Recorded information:

******************************

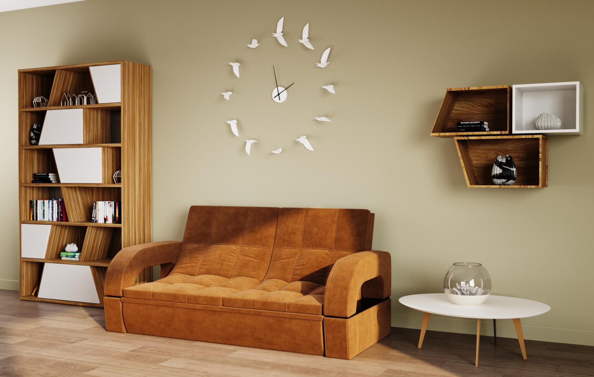 Особенности дивана: Каркас: ЛДСП, фанера, брус. Эргономичная мебель, позволяющая создать стильный интерьер. Обит качественным и плотным текстилем. Опорные элементы каркаса помогают равномерно распределять вес, благодаря чему напольное покрытие не продавливается. Механизм трансформации позволяет быстро и без особых напряжений превратить диван в удобное спальное место.
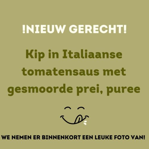 Kip in Italiaanse tomatensaus met gesmoorde prei en puree
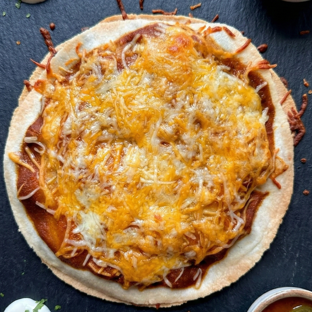 A Mexican Pizza is not quite a taco and not quite a pizza. It lands somewhere between a quesadilla and a flatbread pizza, which is exactly why it works so well. You have a crispy base, a hearty filling, a saucy top, and melted cheese holding everything together.
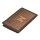 Modern, brown leather, script, monogram wallet. Personalize it with your initial and name.

******************************

Your assignment: All of the material above needs to be restated exactly, with no pictures.

Exercise result:
 Особенности дивана: Каркас: ЛДСП, фанера, брус. Эргономичная мебель, позволяющая создать стильный интерьер. Обит качественным и плотным текстилем. Опорные элементы каркаса помогают равномерно распределять вес, благодаря чему напольное покрытие не продавливается. Механизм трансформации позволяет быстро и без особых напряжений превратить диван в удобное спальное место.
 Kip in Italiaanse tomatensaus met gesmoorde prei en puree
 A Mexican Pizza is not quite a taco and not quite a pizza. It lands somewhere between a quesadilla and a flatbread pizza, which is exactly why it works so well. You have a crispy base, a hearty filling, a saucy top, and melted cheese holding everything together.
 Modern, brown leather, script, monogram wallet. Personalize it with your initial and name.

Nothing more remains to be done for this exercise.